= Rural general hospital =

A rural general hospital is a small hospital, similar to a district general hospital, but is specifically trained and staffed to provide healthcare services in remote and rural areas. The concept was pioneered by NHS Scotland.

==Access to services==

The rural general hospitals are all to be found in the Scottish Highlands and Islands in areas which generally have a small or scattered populations who would otherwise face a long or difficult journey to get to larger settlements.

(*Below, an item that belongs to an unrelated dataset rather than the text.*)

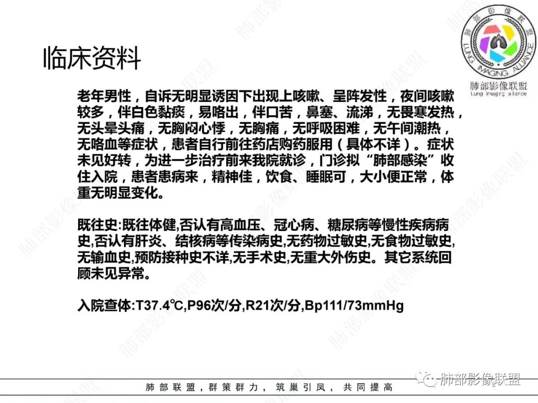 肺部影像联盟是最全面的肺部影像与病理结合的学习平台,这里可以每天学习到大师们的经典分析思路,也是你工作、学习最好助手和基地,联盟将会从每周三轮值病例中精选病例提前供大家实战训练,每周三晚上八点肺部影像群里准时讨论及资深老师分析点评,希望关注的老师们都有所收获,也欢迎您提供病例一起学习分享,感谢大家一直以来的关注与支持,不对之处恳请批评指正!

The rural general hospital model aims to overcome some of the practical difficulties associated with delivering services to the people living in these areas.

==Framework==

Rural general hospitals provide consultant-led general surgical services and examples of the type of planned operations that patients can have include gall bladder surgery and endoscopy. Certain specialist procedures can be performed at rural general hospitals by visiting surgeons. Some specialist staff may travel between rural general hospitals. Rural general hospitals are equipped and staffed to be able to resuscitate, stabilise and prepare patients who might require emergency surgery. Some emergency surgery can be carried out in the rural general hospital- surgery to remove an appendix or resolve an abdominal problem, for example.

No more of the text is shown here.